Iron-mediated inhibition of H⁺-ATPase in plasma membrane vesicles isolated from wheat roots

Abstract:

The mechanisms of iron-mediated inhibition of the H⁺-ATPase activity of plasma membrane (PM) vesicles isolated from wheat roots were investigated. Both FeSO₄ and FeCl₃ significantly inhibited PM H⁺-ATPase activity, and the inhibition could be reversed by the addition of the metal ion chelator EDTA-Na₂ or a specific Fe²⁺ chelator, indicating that the inhibitory effect was due to specific action of Fe²⁺ or Fe³⁺. Measurement of the extent of lipid peroxidation showed that oxidative damage on the PM caused by Fe²⁺ or Fe³⁺ seemed to be correlated with the inhibition of PM H⁺-ATPase activity. However, prevention of lipid peroxidation with butylated hydroxytoluene did not affect iron-mediated inhibition in the PM H⁺-ATPase, suggesting that the inhibition of the PM H⁺-ATPase was not a consequence of lipid peroxidation caused by iron. Investigation of the effects of various reactive oxygen species scavengers on the iron-mediated inhibition of H⁺-ATPase activity indicated that hydroxyl radicals (*OH) and hydrogen peroxide (H₂O₂) might be involved in the Fe²⁺-mediated decrease in PM H⁺-ATPase activity. Moreover, iron caused a decrease in plasma protein thiol (P-SH), and Fe³⁺ brought a higher degree of oxidation in thiol groups than Fe²⁺ at the same concentration.
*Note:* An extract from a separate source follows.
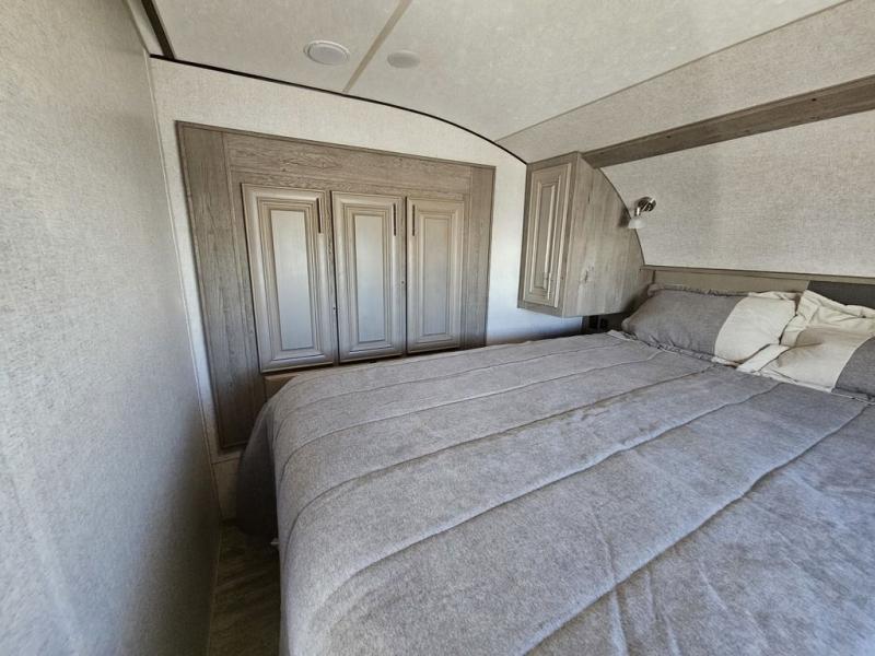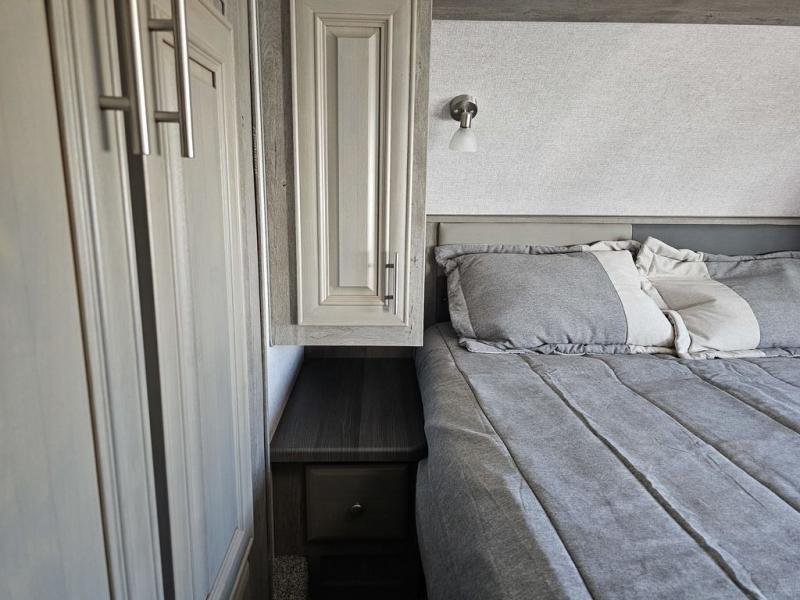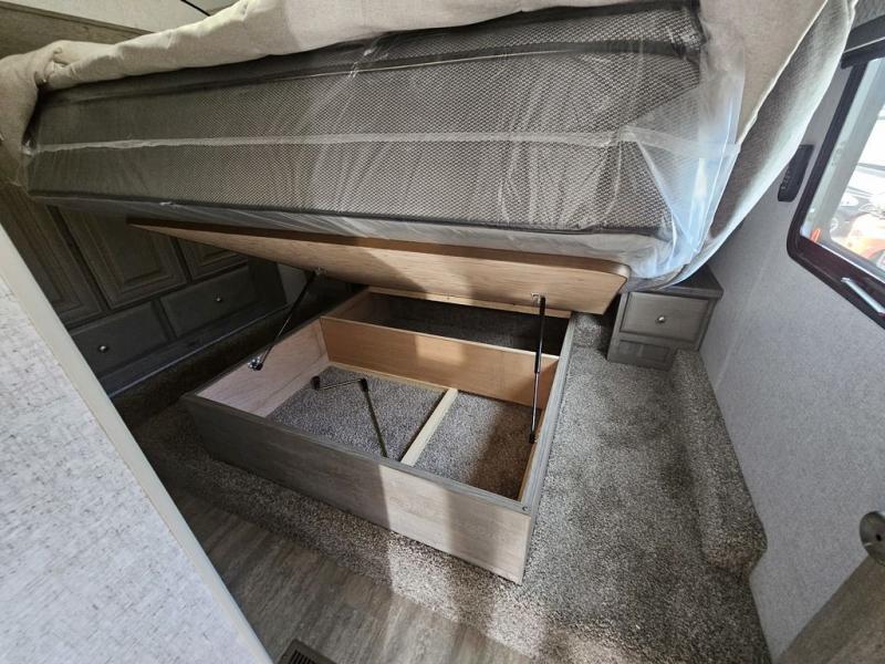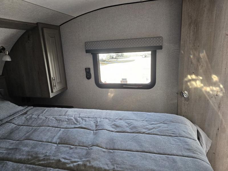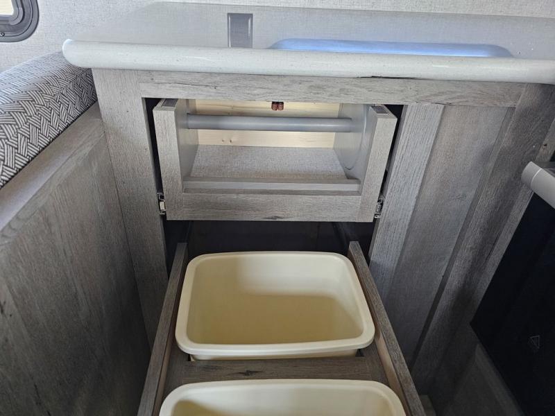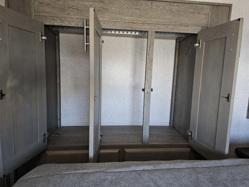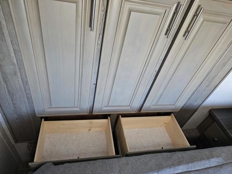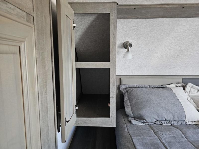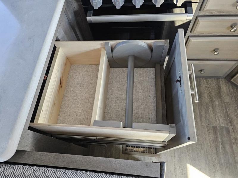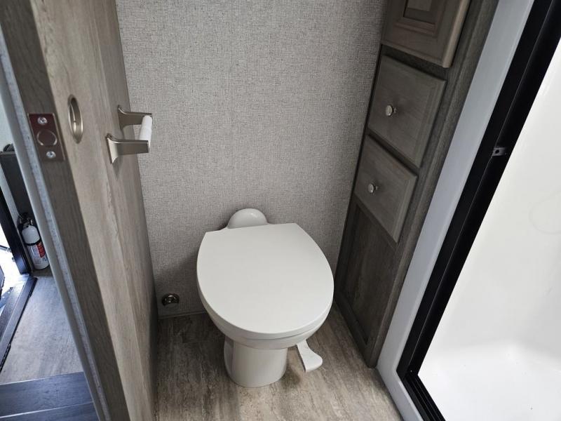 Pack your bags and head to your local state park for fun trips in this rear kitchen travel trailer. There is a three burner range and residential style microwave with an air fryer to whip up your best meals, and you're sure to appreciate the generous counter space. The mudroom bench provides a place to pull your hiking boots off, and the pantry lets you keep snacks stocked. This space also includes a booth dinette that converts to a 40" x 76" sleeping area for guests plus theater seating within a slide for more comfort and space. A spacious full bath will let you freshen up after a day outdoors, and a front private bedroom will make you feel right at home. There is a queen bed here, along with dual bedside wardrobes and a wardrobe slide for more space when getting dressed in the morning!

Modification of the thiol redox state in the PM suggested that reducing thiol groups were essential to maintain PM H⁺-ATPase activity. Incubation of the specific thiol modification reagent 5,5-dithio-bis(2-nitrobenzoic acid) with the rightside-out and inside-out PM revealed that thiol oxidation occurred at the apoplast side of the PM. Western blotting analysis revealed a decrease in H⁺-ATPase content caused by iron. Taken together, these results suggested that thiol oxidation might account for the inhibition of PM H⁺-ATPase caused by iron, and that *OH and H₂O₂ were also involved in Fe²⁺-mediated inhibition.